Credit unions and outstanding member service go together like Mom and apple pie. Sure, credit unions have great rates, low fees, and a cooperative business structure. However, it’s always been the service that has set them apart.
But, and it’s a big “but,” what constitutes excellent service is changing, and it’s changing at lightning speed. Advances in technology–coupled with the millennial generation’s unique expectations–are reshaping the member service landscape, which of course means reshaping the credit union model itself.
Due to the significant shift, financial institutions are now transitioning from a “mobile first” to a potential “mobile only” perspective. Some financial technology providers, such as PayPal and Rocket Mortgage, are putting their efforts into modernizing the processes to open new accounts, move money or obtain a loan. Through technology, organizations like these are redefining what good service is by creating convenient, seamless, transparent, and omni-channel experiences.
They’re raising the bar on consumer expectations of exceptional service.
But there’s good news for credit unions, and plenty of it.

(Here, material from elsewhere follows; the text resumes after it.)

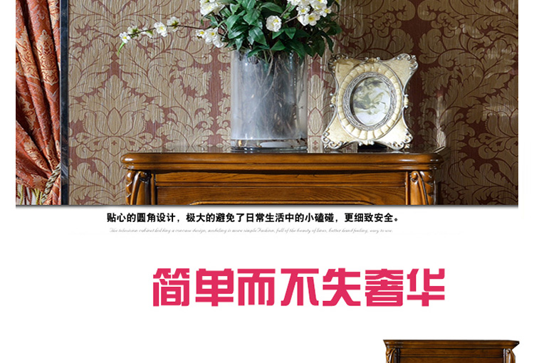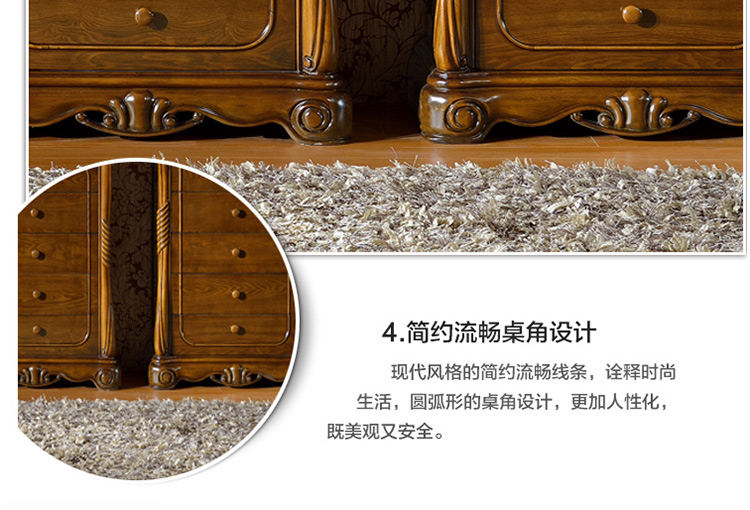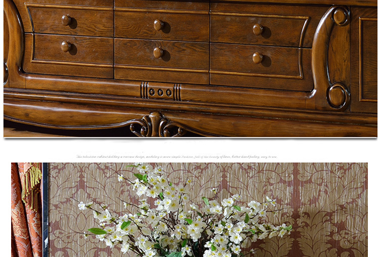 美式仿古做旧效果,手工雕花精致大方;实木柜脚,多层隔断储物空间。清晰的拼花木面纹理,细腻而有光泽。每一处细致的雕花,传承百年美式经典工艺

A recent study by CUNA Mutual and TruStage found that 69 percent of millennials with household incomes between $25,000 and $100,000 were open to joining a credit union—they just didn’t know much about them.
This same study also found that 66 percent of millennials worried about their finances every day and 84 percent said they would like advice or guidance on financial decisions. And that’s where credit unions have the advantage. Credit unions excel at financial literacy and education, especially when they’re able to get the member “engaged.”
Which leads us back to the shift in member service. Engaging new and existing members requires a comprehensive engagement plan. This plan needs to focus on strategies for service success—digital and mobile first, along with complementary strategies for your branch and call center.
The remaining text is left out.